A prototype EMPS model developed as the successor to devices such as the Manned Maneuvering Unit (MMU), the Simplified Aid for Extravehicular Activity Rescue (SAFER), and the Extravehicular Mobility Unit (EMU). Named after Yuri Gagarin, the first human being in outer space. The type piloted by Astronaut Jonathan Ingram in a test space walk in 2013. Unlike the MMU and SAFER's nitrogen gas thrusters, which only allowed for very basic movement, it was instead equipped with miniature rockets. It was developed as an attempt to realize true aerial navigation in space, and not just short-distance movement and position control; accordingly, the unit's gross weight is heavier than its predecessors, and it is considerably larger as well.

After Astronaut Ingram's accident, EMPS development was temporarily suspended and the technology reworked from the ground up. Having been designed for mechanical work outside the colony, the Yuri is equipped with various data recording units, but is not outfitted with weapons of any kind; however, it has 4 manipulator arms that provide its operator with basic feedback. Also equipped with emergency food rations and a 3-day energy supply.

Yuri accident
Outer Space / Society

The accident that occurred with the Yuri EMPS prototype in 2013 during a test space walk. This unit was to be used by the Policenauts outside the colony. The unit underwent a malfunction in its vernier rockets, causing it to lose control and disappear out into space. There was a particularly strong solar wind blowing at the time, which resulted in a temporary communications blackout and the delay of the rescue operation.

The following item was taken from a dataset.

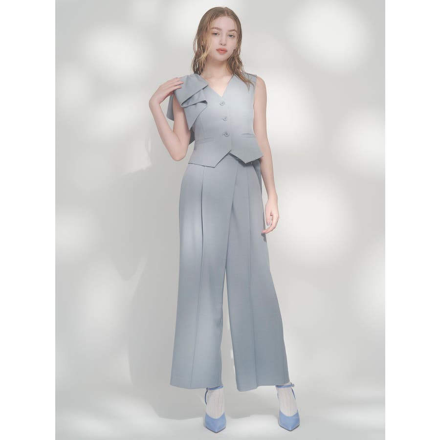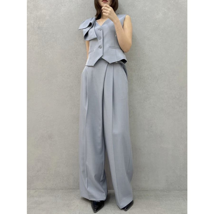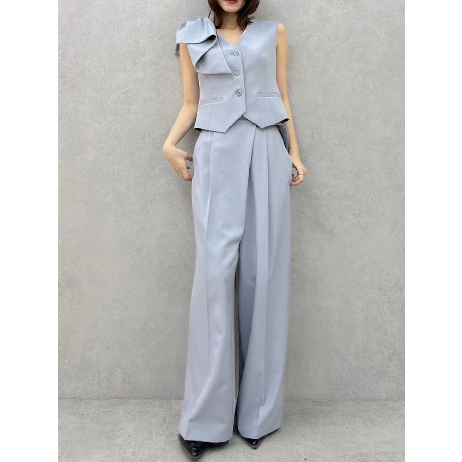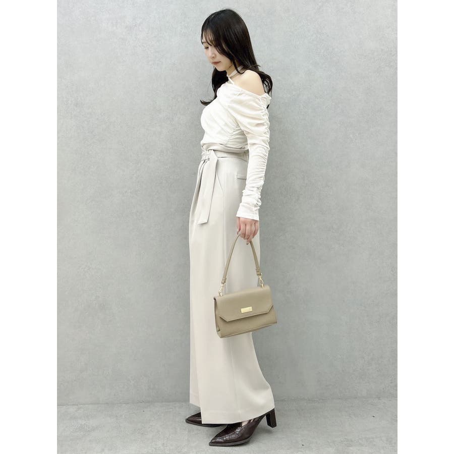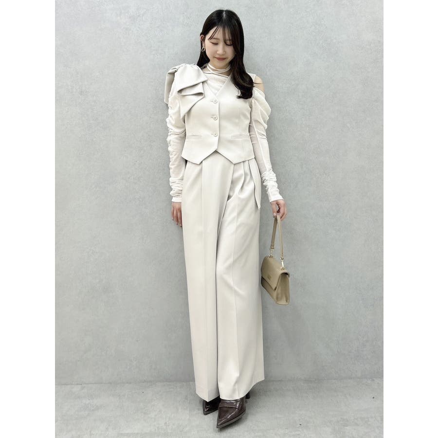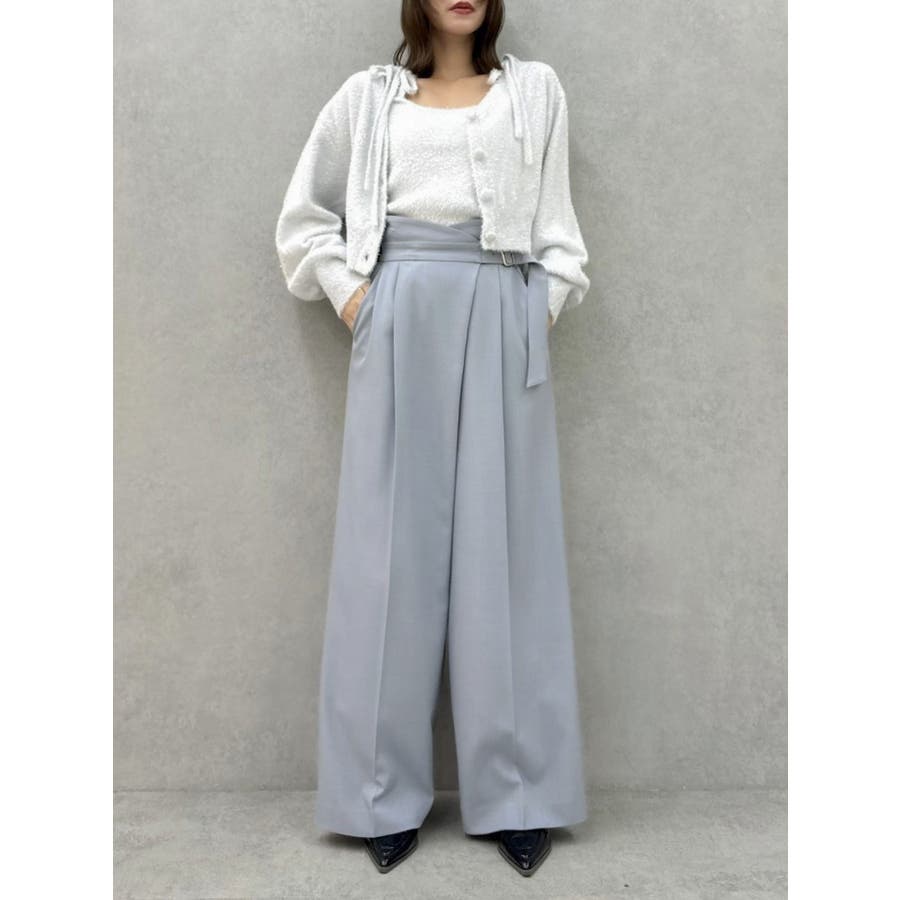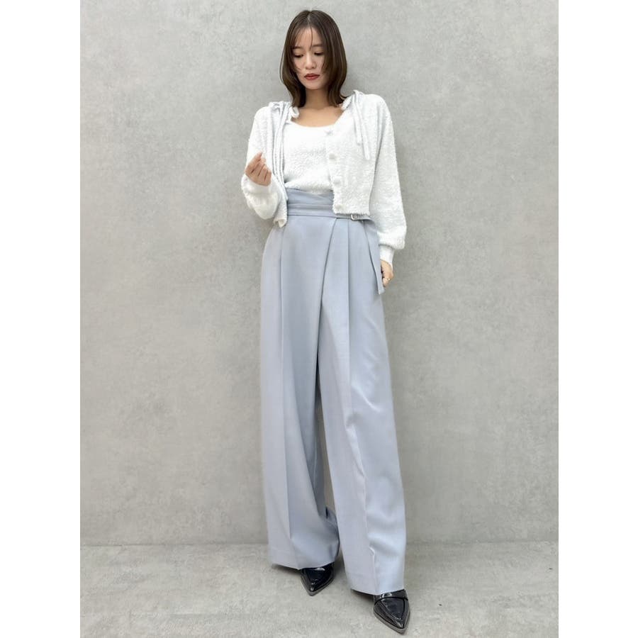 【商品】程よいワイド感とセンタープレスが脚長効果抜群の穿くだけでスタイルアップパンツ。アシメウエストデザインでINスタイルが決まり、モードな印象がありながらきれいめにも見せられるので、様々なシーンで活躍してくれてます。【スタイリング】シャツブラウスやきれいめのカットソーを合わせたONスタイルにも、オフショルやキャミソールを合わせたOFFスタイルにも合わせやすく、スタイルアップが期待できるパンツです。

The test was being broadcast live around the world, with the accident dealing a shock greater than that of even the Challenger disaster. This "second space shock" set EMPS development back 5 years. The Yuri was connected to a survival ball, which had a built-in cold sleep module, but because an SOS signal could not be detected, it had been thought that all hope was lost for its test pilot, Astronaut Jonathan Ingram.